I took the opportunity to allocate some time to learn how to work with Agentic AI. Picking a shelved project I had been eyeing for quite some time, I hoped that AI would expedite the development process. Considering the promise of “now everyone can build their app”, the learning curve was actually much steeper than I’d expected. However, I managed to get some real value from an output perspective and I also picked up a few insights along the way that I thought would be worth sharing.
Copilot is very eager
I initially tried working with the free version of GitHub Copilot, but I got frustrated with it very quickly. I couldn’t figure out the right balance of details needed for it to do a decent job. Too little, and I realised I needed to specify I want the code to be compilable. Too much detail, and it quickly went beyond its context window, forgetting the first thing I told it.

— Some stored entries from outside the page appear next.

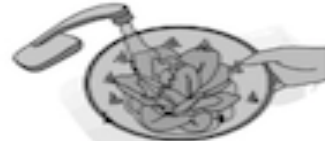
C. Lavar las verduras
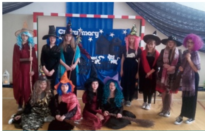
Zabawę zorganizowały przebrane za wróżki i czarownice uczennice kl. VI.

Jest taka noc w roku, kiedy świat realny łączy się ze światem magii, czarów, ...wróżb. Od wieków w noc św. Andrzeja młode panny zbierały się, aby dowiedzieć się jaka będzie ich przyszłość. Panowie, ciekawi co ich spotka, zbierali się kilka dni wcześniej – w wigilię św. Katarzyny.
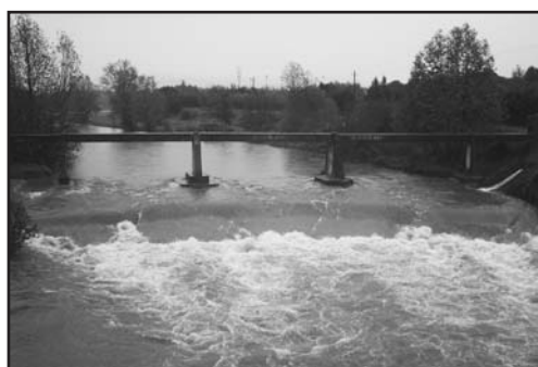
Il fiume Chiese: la storia di Montichiari.

Dal 2008, con i primi incontri estivi e ravvicinati con la popolazione, ne è passato di tempo ed il vincolo del piano
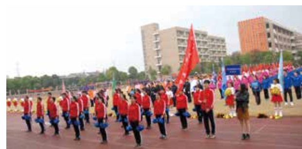
管理财务检测技术采购代表队入场
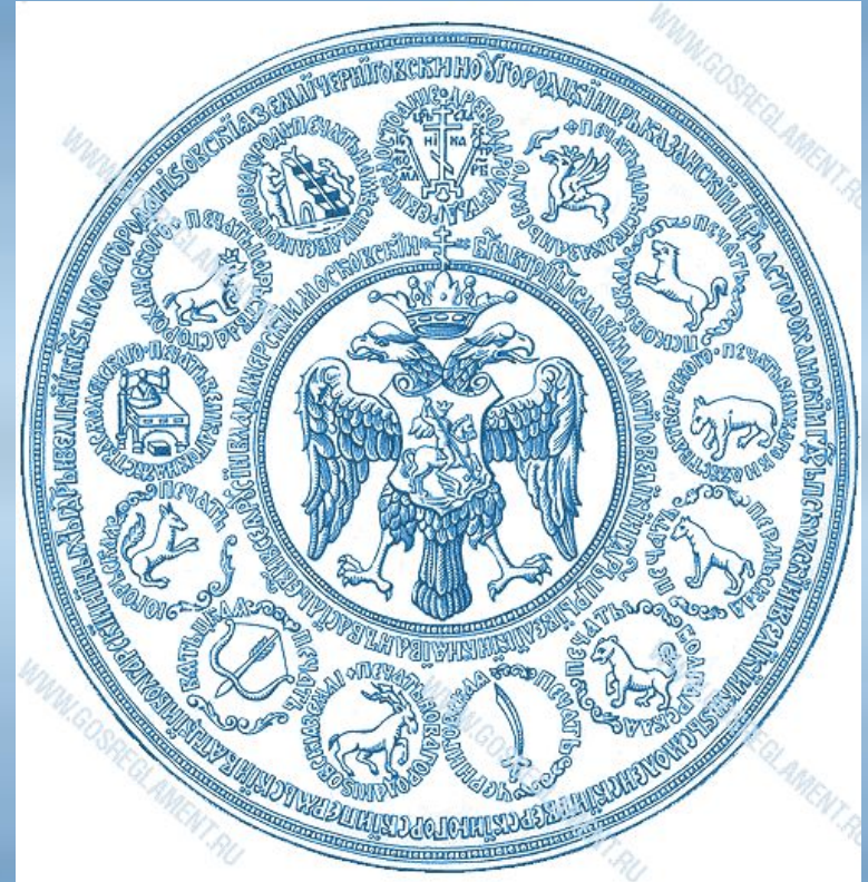
Печать Ивана Грозного
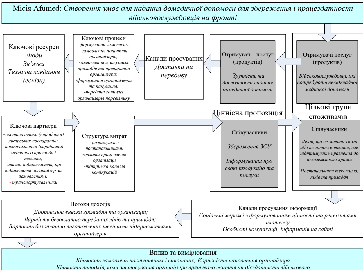
Рис. 3. Бізнес-модель волонтерської організації Afumed

Для другої підгрупи співучасників каналами виступатимуть як особисті комунікації членів організації, так і інформація на сайті компанії. До інформації на сайті мають бути включені логотипи ключових партнерів, а також донорів. Це буде запорукою своєрідної реклами постачальника-
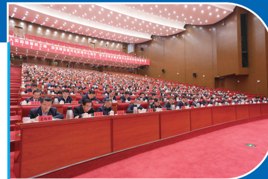
2023年3月11日,全市领导干部学习贯彻习近平新时代中国特色社会主义思想党的二十大精神专题培训班开班。

导干部围绕习近平总书记关于加强和改进民族工作的重要思想、习近平经济思想等专题登台授课。建立完善重大政治理论轮训机制,党校主体班理论课程占比70%、课程年平均更新率达30%以上,各类专题班次均安排习近平总书记关于本行业本领域重要论述解读课程。举办市级理论学习班4期、轮训市管干部1100余名,广泛开展“三懂一会”教育、“七学七新”活动,推动全市上下持续兴起学习贯彻党的创新理论热潮。
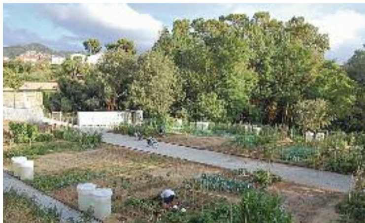
Els horts hauran d'anar a un altre lloc.

D'aquesta manera, si a partir d'aquella data alguna de les parts, sigui la societat o el con-
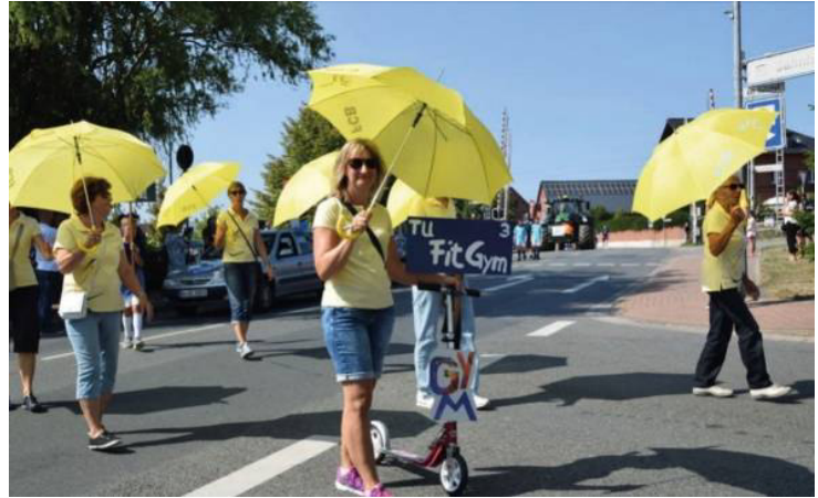
Unsere Fit-Gym Damen beim Umzug

Vom 31. August bis 1. September feierten wir bekanntlich das 100-jährige Bestehen unseres Vereins. An dem langen Festumzug durch unser Dorf, bei wunderschönem aber zu warmem Wetter, nahmen alle Abteilungen des FCB, und damit auch unsere Fit-Gym-Damen teil. Der Weg führte uns vom alten zum neuen Sportplatz an der Grundschule und war bei der Hitze nicht einfach zurückzulegen. Zum Glück wurden von den begeisterten Zuschauern immer wieder erfrischende Getränke in den Zug gereicht.
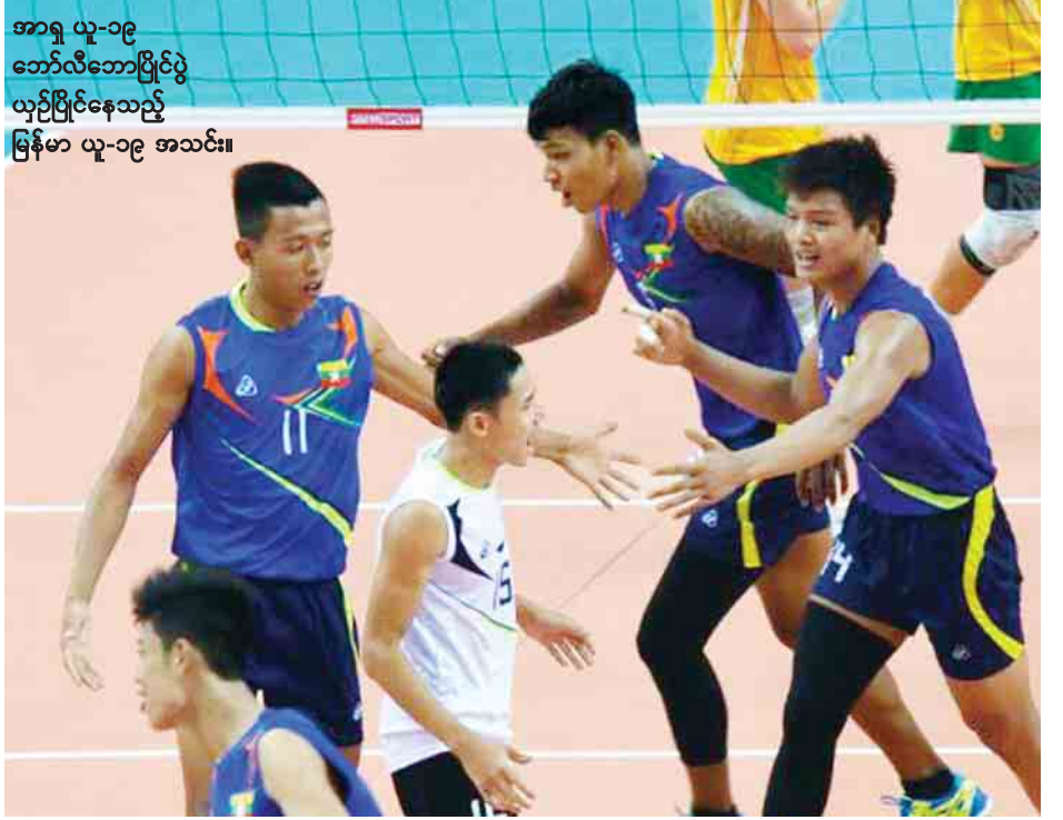
အာရှ ယူ-၁၉ ဘော်လီဘောပြိုင်ပွဲ ယှဉ်ပြိုင်နေသည့် မြန်မာ ယူ-၁၉ အသင်း။

ကြားဖြတ်ရွေးကောက်ပွဲရလဒ်များ အချိန်နှင့်တစ်ပြေးညီထုတ်လွှင့်မည် နေပြည်တော် မတ် ၃၁ ပြည်ထောင်စုရွေးကောက်ပွဲကော်မရှင်သည် ၂၀၁၇ခုနှစ် ဧပြီ ၁ ရက် (စနေနေ့)တွင် လွှတ်တော်ကိုယ်စားလှယ် နေရာလစ်လပ်နေသည့် မဲဆန္ဒနယ် ၁၉ နယ်အတွက် ကြားဖြတ်ရွေးကောက်ပွဲများ ကျင်းပသွားမည်ဖြစ်သည်။ အဆိုပါ ကြားဖြတ်ရွေးကောက်ပွဲရလဒ်များအား နေပြည်တော်ရှိ ပြည်ထောင်စုရွေးကော်မရှင်ရုံး Result Centerတွင် ယင်းနေ့ညနေပိုင်းမှစတင်၍ ထုတ်ပြန်ကြေညာပေးသွားမည်ဖြစ်ရာ တစ်နိုင်လုံးရှိ ပြည်သူ လူထုအား အချိန်နှင့်တစ်ပြေးညီ သိရှိနိုင်ရေးအတွက် မြန်မာ့ရုပ်မြင်သံကြားနှင့် မြန်မာ့အသံရေဒီယိုတို့မှ တိုက်ရိုက် ထုတ်လွှင့်ပေးသွားမည်ဖြစ်ကြောင်း သတင်းရရှိသည်။ (သတင်းစဉ်)

There were no epiphanies or light-bulb moments but over time I learned to write better prompts. I also broke the tasks into smaller, more reasonable, clear instructions. I also switched to the paid version, which made life much easier as it gave me a larger context window. With the right prompts, you can achieve a lot with the paid version. Unless you don’t have the budget or enjoy challenging yourself, I’d argue that life’s much more comfortable with bigger contexts.
My attitude towards Copilot changed over time. From “go write an application” which led to utter disasters, I pivoted to “plan, review & implement”. It was considerably slower, but gave me a better chance to course-correct whenever it veered in the wrong direction.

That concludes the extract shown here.